How to setup rdt server on docker:
Pre-requisite: Use an Ubuntu machine and make sure docker is installed.
- We recommend using Ubuntu machine and an Ubuntu docker for this setup. Please use Python 3.6 for this. (can be done by doing: apt install python3.6).
- Create a folder /home/rdtreader/.
- Download the git repository: https://github.com/DigitalHealthIntegration/rdt-reader.git
- Execute the script DockerBuild in the folder: /home/rdtreader/rdt-reader/. This sets up the docker image required for the setup: iprd-rdt-reader.
- Now, we need to start an instance of this docker image. Do: docker run -it -d -p 9000:9000 iprd-rdt-reader /bin/bash
- Verify that the docker container is up and running by doing: docker ps. (If you do not see this container listed, pls do: docker ps -a to see if it crashed)
- Now, we need to run various commands within the docker container itself.
- For that, do: docker exec -u 0 -it /bin/bash. We can obtain the docker container id by running docker ps.
- You should now be logged in to the docker container instance as root user.
- Now clone the git repository as follows: git clone --recurse-submodules https://github.com/DigitalHealthIntegration/rdt-reader.git
- Check if the env variable MINICONDA is set: echo $MINICONDA. If not, please set it. There is a miniconda3 folder in the root directory: /miniconda3/bin/conda. Ex: set MINICONDA /home/rdtreader/miniconda3/bin/conda or export $MINICONDA /home/rdtreader/miniconda3/bin/conda
- Now run conda activate.
- Copy the contents of tensorflow-yolov3-models/models sub folder in tensorflow-yolov3/
- We now need to update some configurations. For this, go to: /rdt-reader/tensorflow-yolov3/core and open config.py
- Here, update D:/source/repos to /home/rdtreader (or whichever folder you have in your setup)
- Now, go to the rdt-reader folder and run: python3 flasker.py
Possible errors and resolution:
- on dockers, we saw part of the clone (mentioned in step 10) fail with the following error: Encountered 1 file(s) that should have been pointers, but weren’t . This happens while trying to open \rdt_reader\rdt-reader\dataset\obj.tar.gz
Solution: If this happens, check if LFS has been initialized. Run: git lfs status to check its status and git lfs install to initialize it. As a workaround, if nothing works, just unzip the above file manually. This may need manually executing some steps later on.

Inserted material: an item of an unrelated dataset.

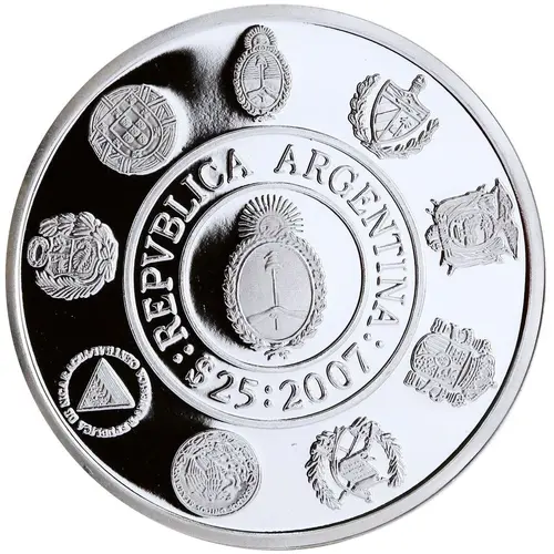 The Argentine National Coat of Arms is distinguished by the inscription `REPVBLICA ARGENTINA`, the face value `$ 25` and the year of `2007`. Surrounding our emblem, the shields of all participating countries. |
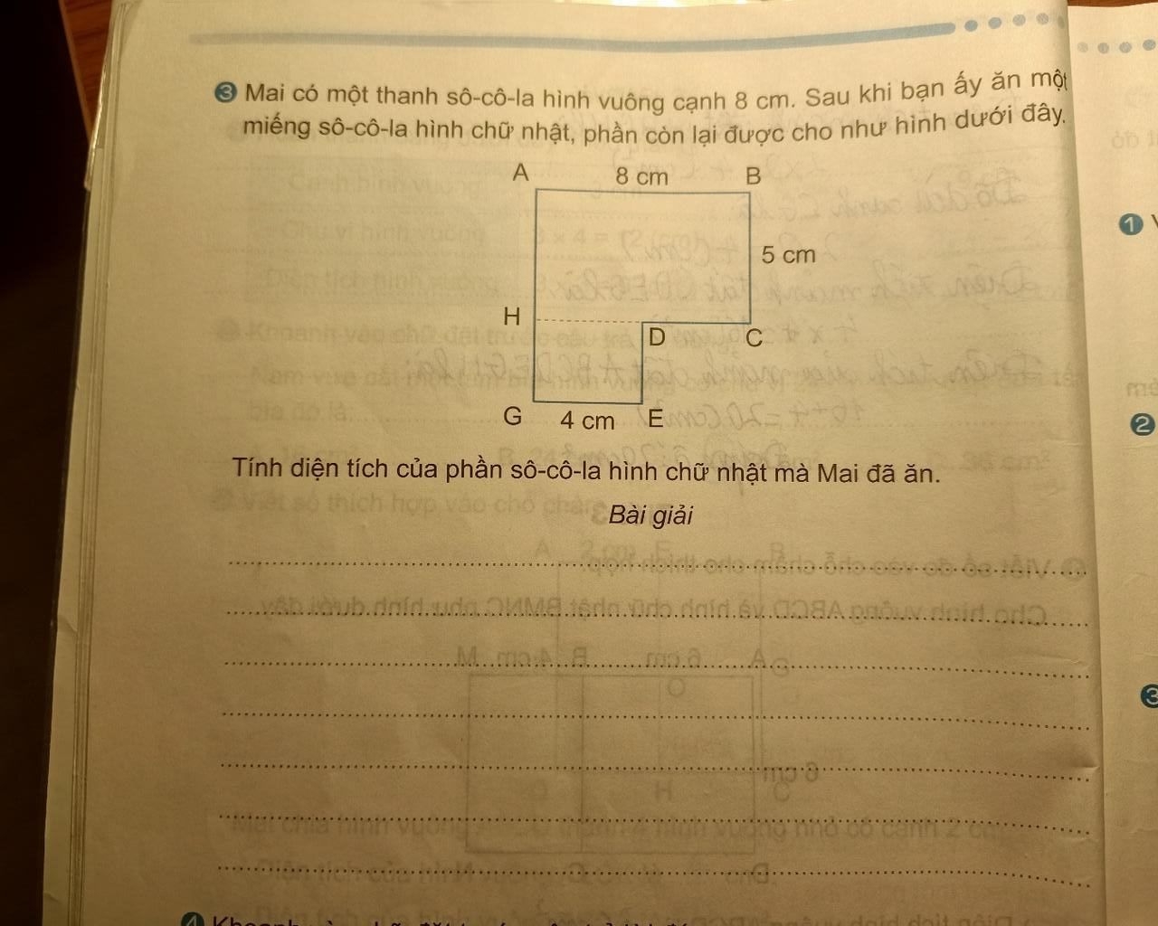 Diện tích phần sô cô la hcn Mai đã ăn là :

- Sometimes, due to errors while cloning the git repository, we may see issues in the tensorflow-yolov3 folder. Ex: in tensorflow-yolov3-models/models/Flu_audere/1 folder, we should see a file saved_model.pb which should be about 900 KB. If less than that, it probably indicates there was an issue.

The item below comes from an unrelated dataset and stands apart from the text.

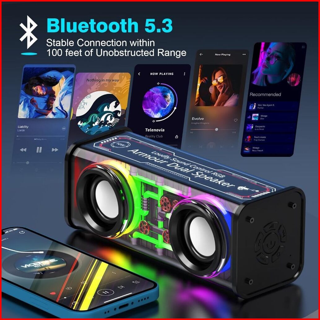 Cloema V88 Mecha Speaker Bluetooth Subwoofer Baja Kecil Transparan Audio Portabel Nirkabel Rgb 7 Color Light Speaker Blu
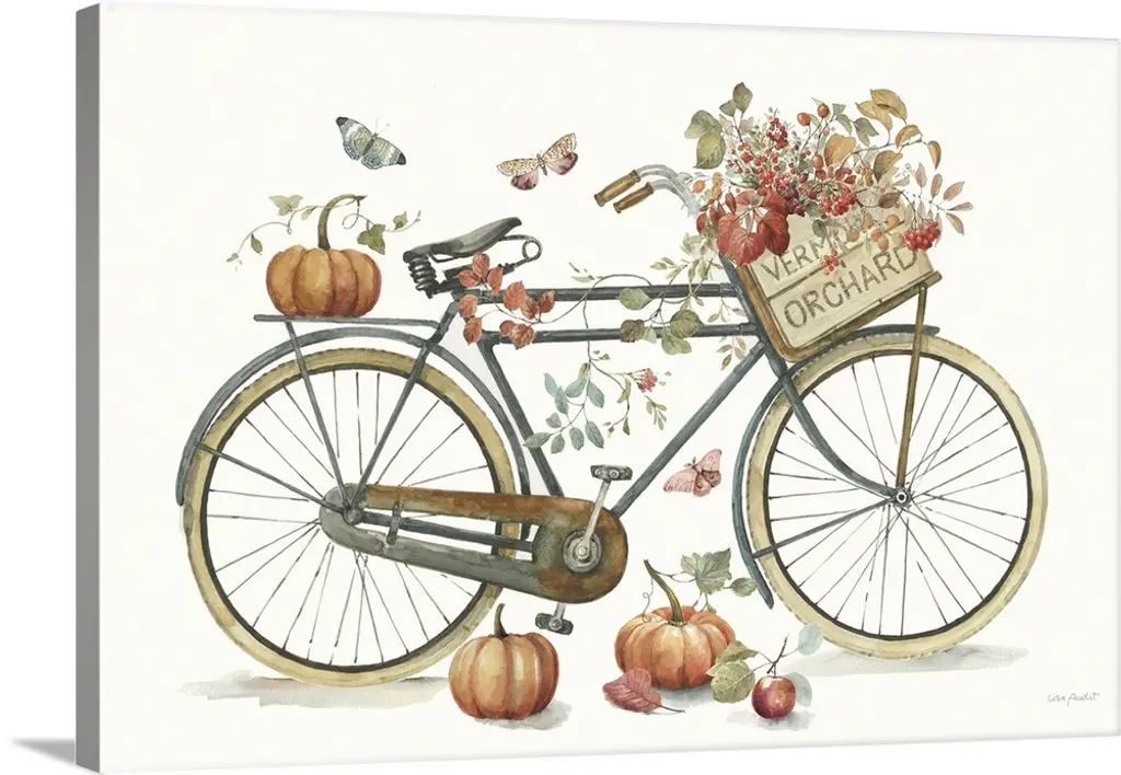 Infuse your space with seasonal charm through this fall bike canvas art—featuring whimsical floral hauls and a cozy, welcoming vibe that captures the heart of harvest season. Perfect for adding a playful yet rustic touch to your autumn décor. Our Gallery Wrap Canvas Prints are proudly assembled with high quality materials in California, USA. Each piece is printed on a thick, archival grade canvas using Giclee technology. It is then hand-stretched by our experienced artisans over solid wood bars, which will not warp over time. The final product is a piece personally crafted for you to confidently display on your wall. Care and Assembly: Ensure that the location of your piece has little to no exposure to heat, sunlight, and moisture. Wipe clean, only if needed. Each piece includes a sawtooth hanger to hang on your wall horizontally.

Solution: Please download the following files: https://drive.google.com/drive/u/0/folders/1mKZWs4f0DvjgrwUp4wBRcr1QMYfASyBM Extract the contents of these zip files to the following folders: Flu_audere.zip: /rdt-reader/tensorflow-yolov3-models/models/Flu_audere/1 Flu_audere_line.zip: /rdt-reader/tensorflow-yolov3-models/models/Flu_audere_line/1 After this, make sure you copy the contents of tensorflow-yolov3-models/models sub folder in tensorflow-yolov3/.